▶ **Exercise directions**:
Pictures are to be dropped, and only the lines from the one containing "Der Versand von" through the end of the data below are to be reproduced as written.

========

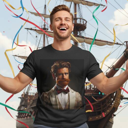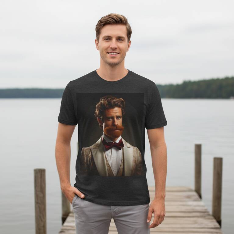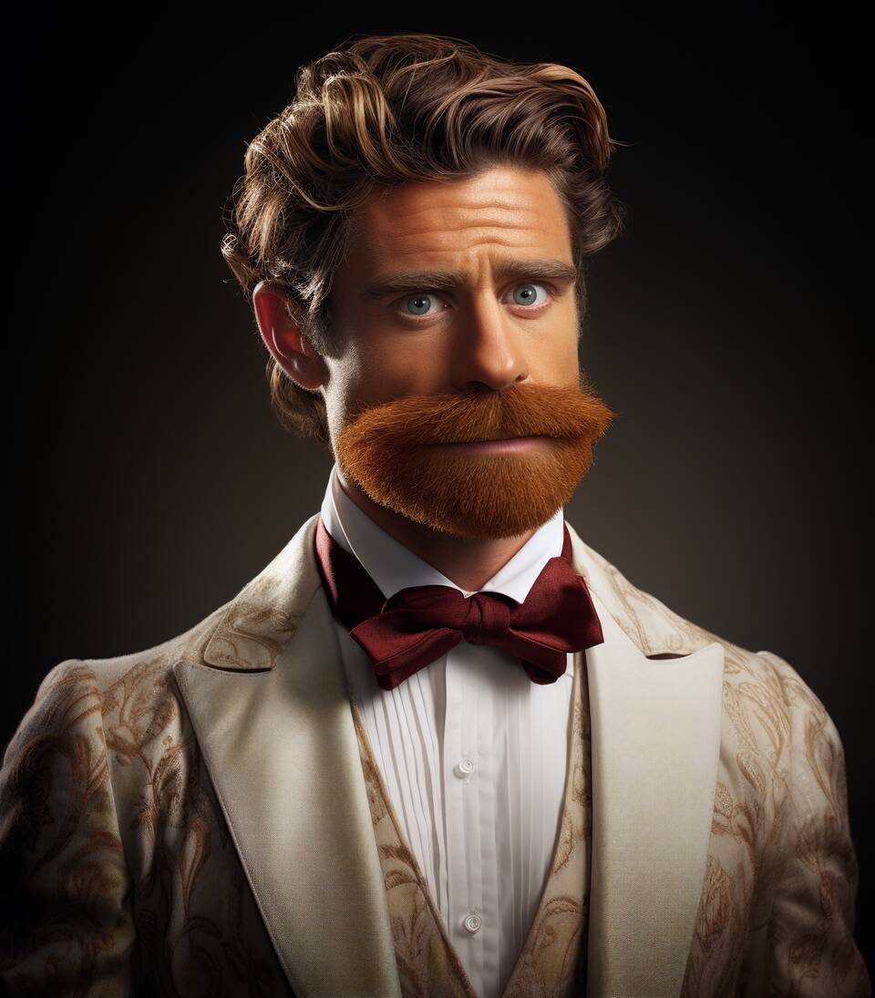 A portrait of a refined man with a cartoonish, deep auburn beard and a playful, earnest expression. His tailored waistcoat and a satin bow sit above a pleated shirt to create a luxurious yet whimsical vibe. The shirt design evokes a quiet confidence with a soft charm, and you'll reach for it for both relaxed meetups and cozy gatherings.
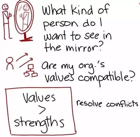 一個(gè)人的工作方式和他的長處很少發(fā)生沖突,相反,兩者能產(chǎn)生互補(bǔ)。但是,一個(gè)人的價(jià)值觀有時(shí)會(huì)與他的長處發(fā)生沖突。
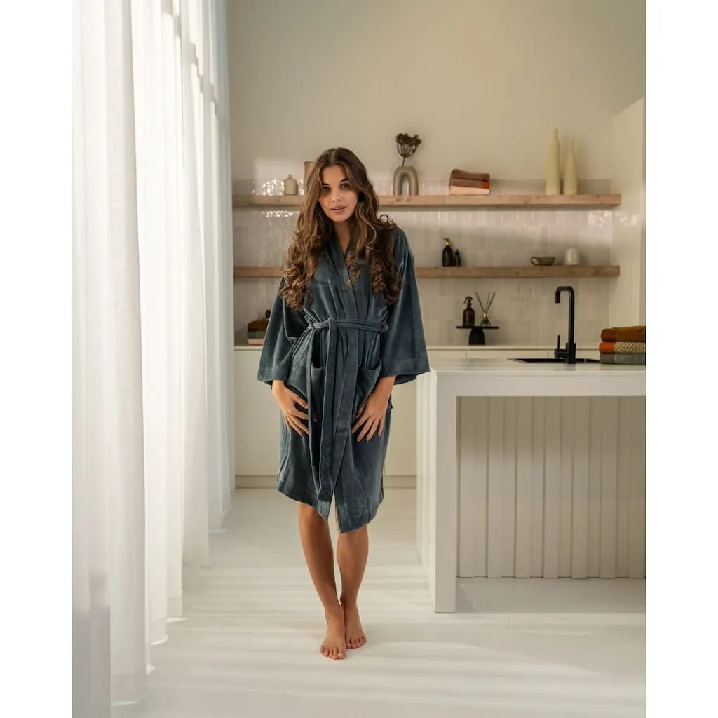 Унисекс-халат, изготовлен из органического хлопка и переработанного полиэстера, с бархатной текстурой, удлиненная модель, с двумя удобными боковыми карманами
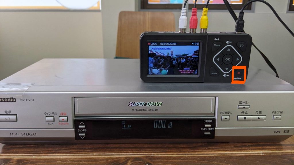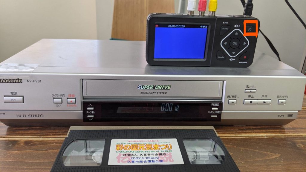 その後、ビデオテープを入れて再生ボタンを押すだけです。
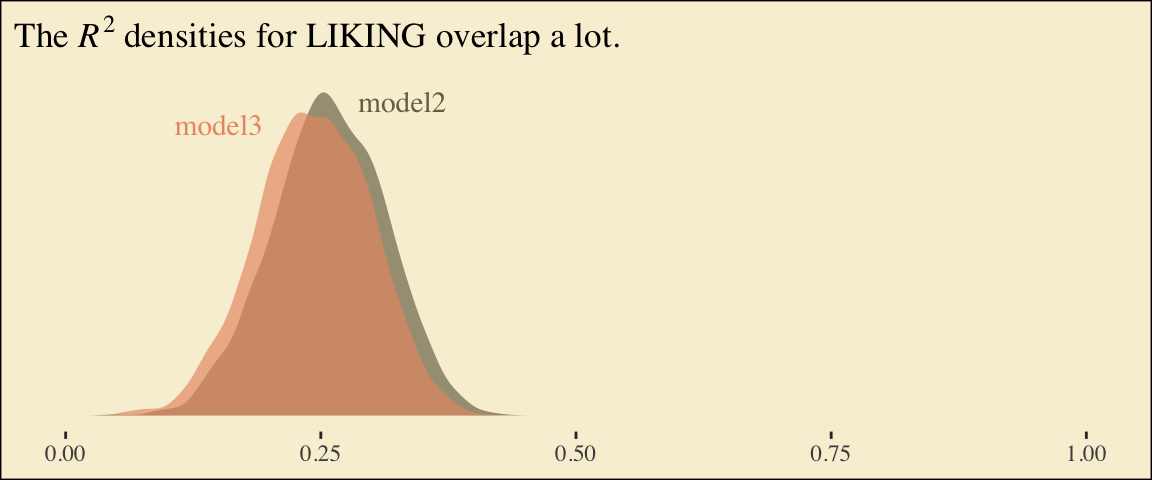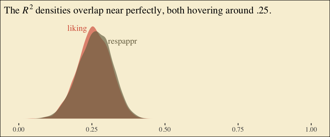 y_model <- bf(liking ~ 1 + d1 + d2 + respappr)There’s a third way to fit multivariate models in brms. It uses either the mvbrmsformula() function, or its abbreviated version, mvbf(). With these, we first define our submodels in br() statements like before. We then combine them within mvbf(), separated with a comma. If we’d like to avoid estimating a residual correlation, which we do in this project–, we then set rescore = FALSE. Here’s how it looks like for our second model.
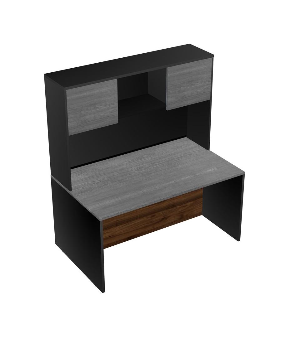 Grey Rectangular Office Desk And Black Hutch
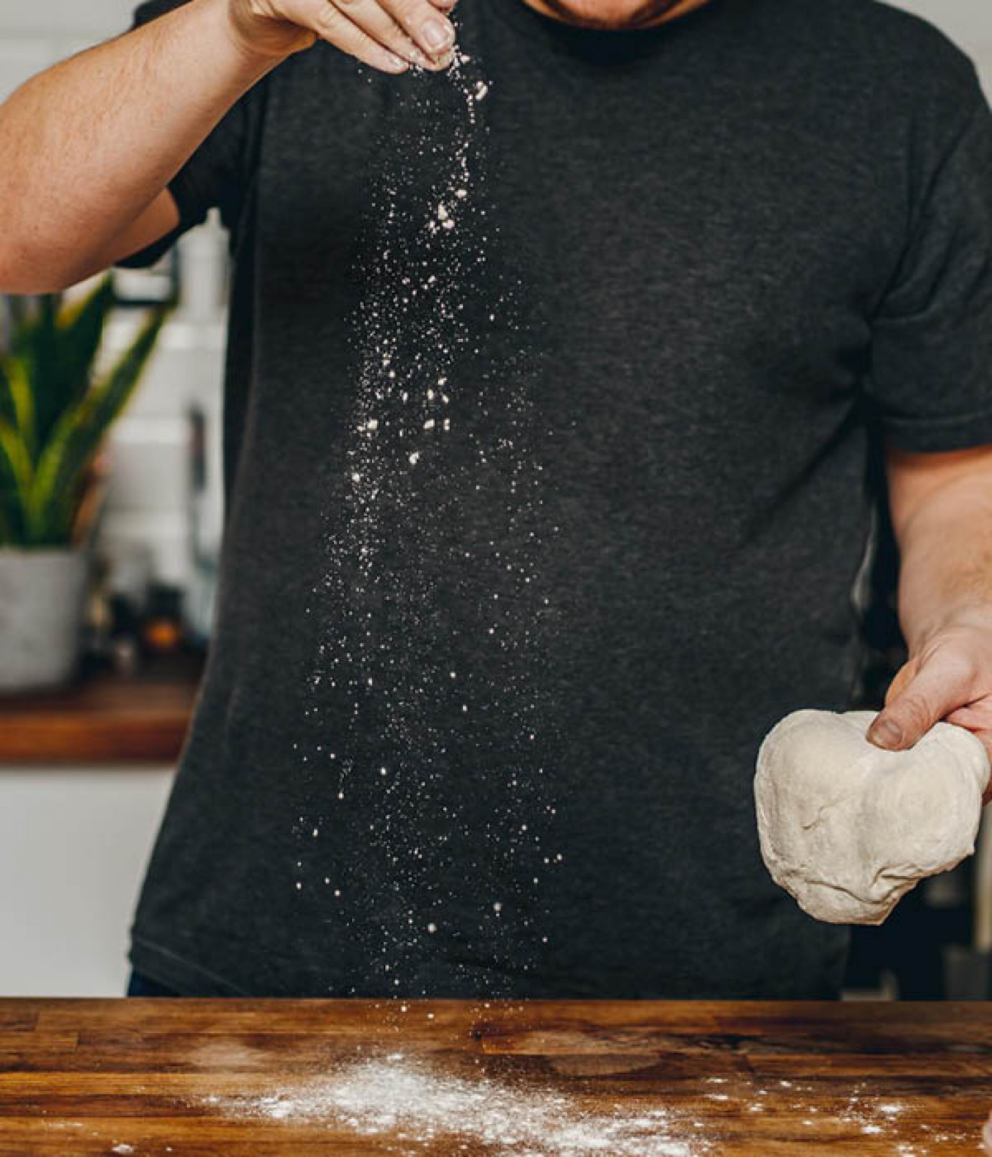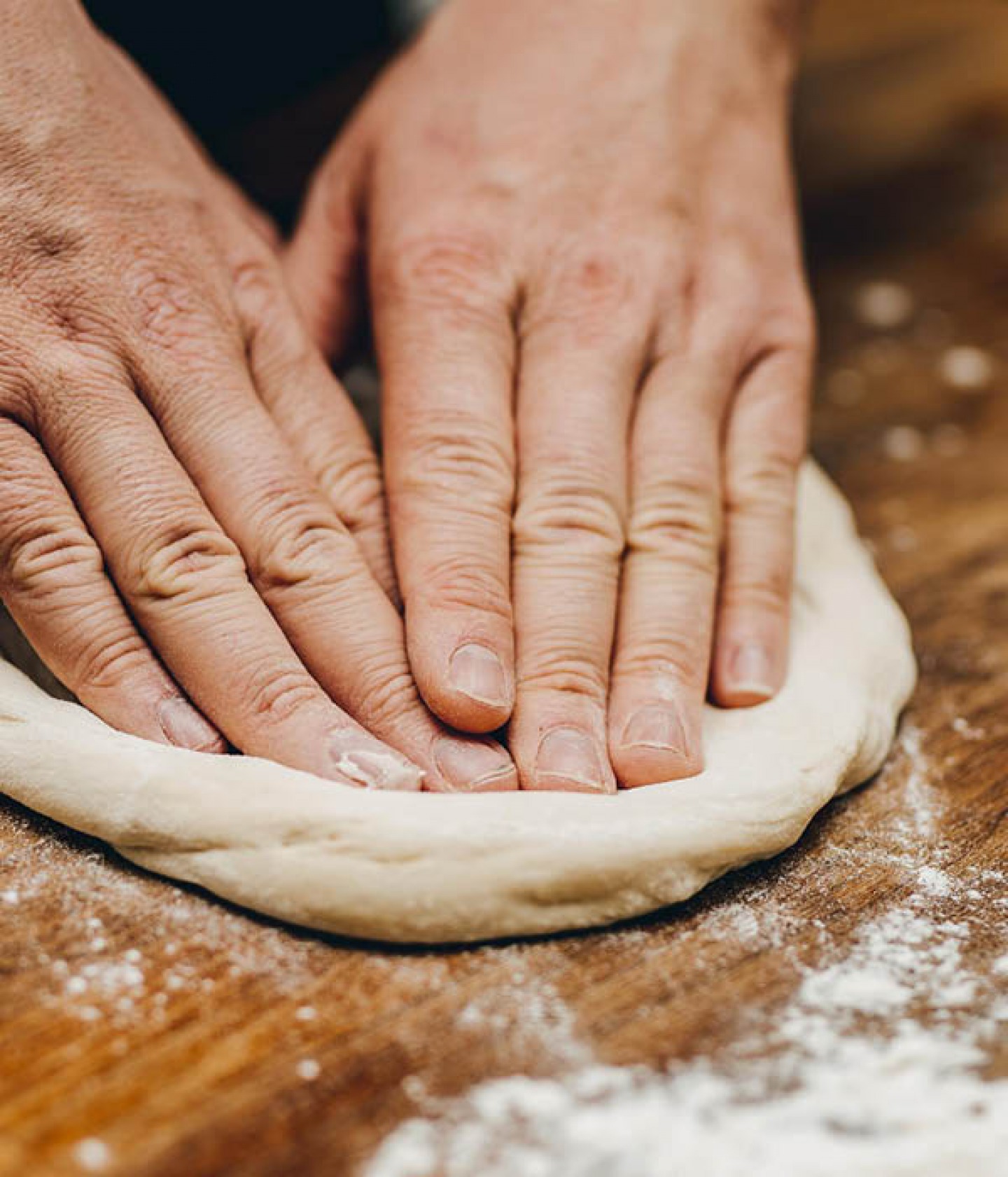 Place your dough ball on a lightly floured surface then generously dust with ‘00’ flour. The dough ball should be completely covered in flour, as you don’t want any sticky spots.
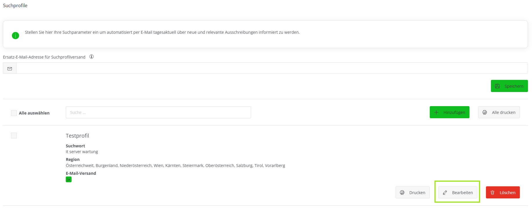 Der Versand von Suchprofil-Ergebnissen per E-Mail kann pro Suchprofil separat ein- oder ausgeschaltet werden.
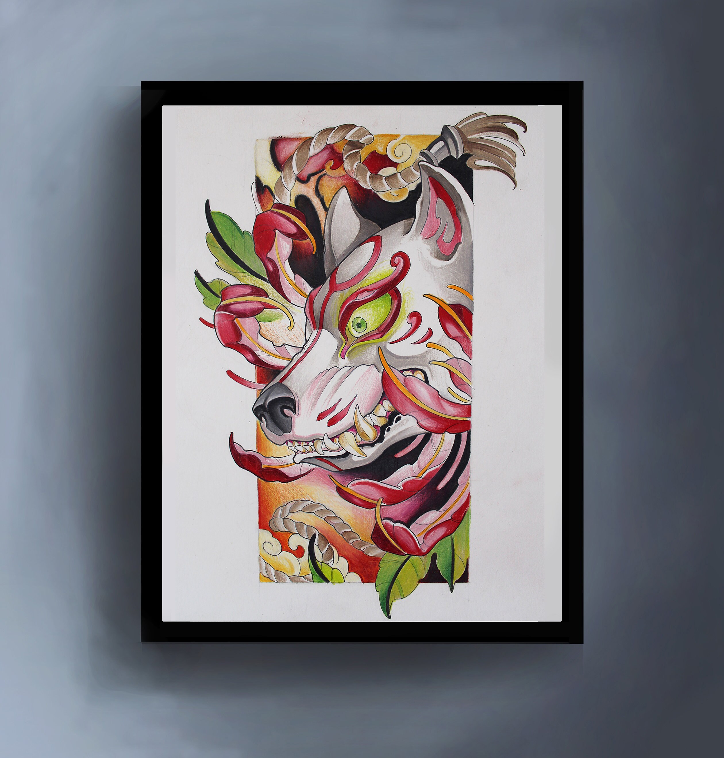Kitsune Yokai Tattoo Flash Sheet Tattoo Shop Decor Art Etsy Uk
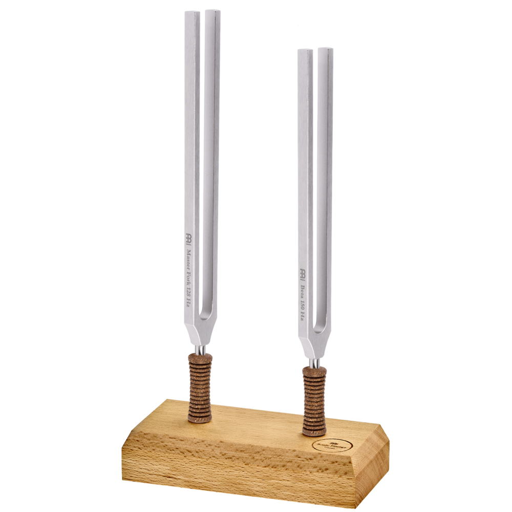 To create the binaural effect, activate the Binaural Therapy Tuning Fork and the Master Fork 128 Hz and hold them to the right and left ear. The brain will recognize the difference between the two frequencies, perceiving a third frequency that guides you into the desired brain wave state.
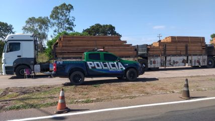 Campo Grande (MS) – Duas empresas transportadoras, respectivamente, com domicílio jurídico em Itajaí (SC) e Pelotas (RS) foram autuadas administrativamente pela PMA, por transporte ilegal de madeira. Os Policiais Militares Ambientais de Coxim foram acionados ontem (30), pela Polícia Rodoviária Federal (PRF) do posto da BR 163, naquela cidade, que reteve dois caminhões tractor, marca Scania com reboques e semi-reboques acoplados, carregados de madeira nativa serrada, com suspeita que estaria sendo transportada ilegalmente.
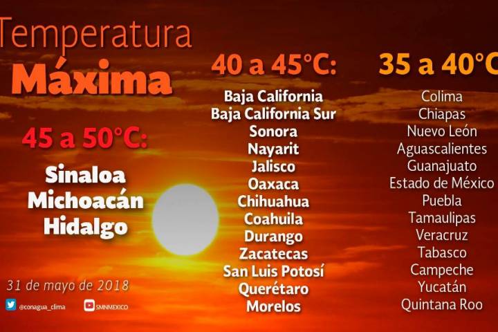 NOTICIAS 31/05/2018Alista Segob estrategia ante emergencia por onda de calorLa SecretarÃa de Gobierno, a través de la Coordinación Estatal de Protección Civil (PC) fue informada de la Declaratoria de Emergencia Extraordinaria por parte de la SecretarÃa de Gobernación, que aplica para 34 municipios debido a la onda de calor.
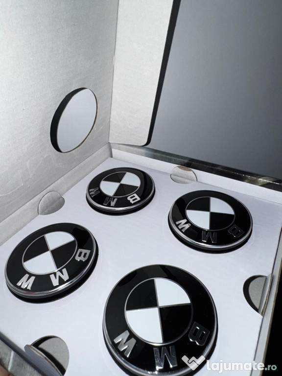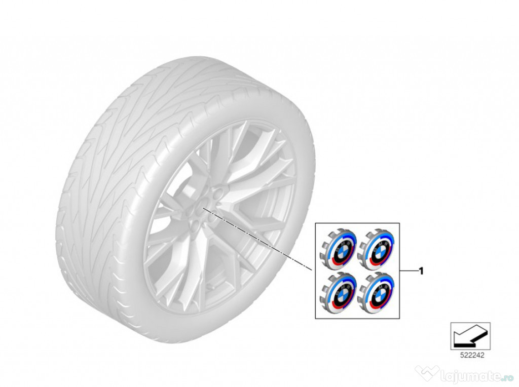 Setul se potrivește cu toate jantele BMW din aliaj ușor care au un model al prezoanelor 5x112.Capac de butuc fix, cu sigla BMW.
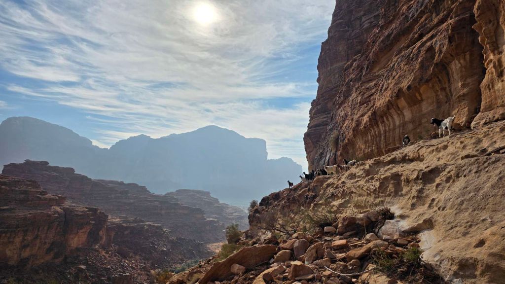 … and the cutting back leftwards to the start of the route. 29.585376° N 35.414030° E Clearly marked by a herd of goats, but also a huge boulder that you start behind.

========

▶ **Reply to the task**:
 Der Versand von Suchprofil-Ergebnissen per E-Mail kann pro Suchprofil separat ein- oder ausgeschaltet werden.
Kitsune Yokai Tattoo Flash Sheet Tattoo Shop Decor Art Etsy Uk
 To create the binaural effect, activate the Binaural Therapy Tuning Fork and the Master Fork 128 Hz and hold them to the right and left ear. The brain will recognize the difference between the two frequencies, perceiving a third frequency that guides you into the desired brain wave state.
 Campo Grande (MS) – Duas empresas transportadoras, respectivamente, com domicílio jurídico em Itajaí (SC) e Pelotas (RS) foram autuadas administrativamente pela PMA, por transporte ilegal de madeira. Os Policiais Militares Ambientais de Coxim foram acionados ontem (30), pela Polícia Rodoviária Federal (PRF) do posto da BR 163, naquela cidade, que reteve dois caminhões tractor, marca Scania com reboques e semi-reboques acoplados, carregados de madeira nativa serrada, com suspeita que estaria sendo transportada ilegalmente.
 NOTICIAS 31/05/2018Alista Segob estrategia ante emergencia por onda de calorLa SecretarÃa de Gobierno, a través de la Coordinación Estatal de Protección Civil (PC) fue informada de la Declaratoria de Emergencia Extraordinaria por parte de la SecretarÃa de Gobernación, que aplica para 34 municipios debido a la onda de calor.
 Setul se potrivește cu toate jantele BMW din aliaj ușor care au un model al prezoanelor 5x112.Capac de butuc fix, cu sigla BMW.
 … and the cutting back leftwards to the start of the route. 29.585376° N 35.414030° E Clearly marked by a herd of goats, but also a huge boulder that you start behind.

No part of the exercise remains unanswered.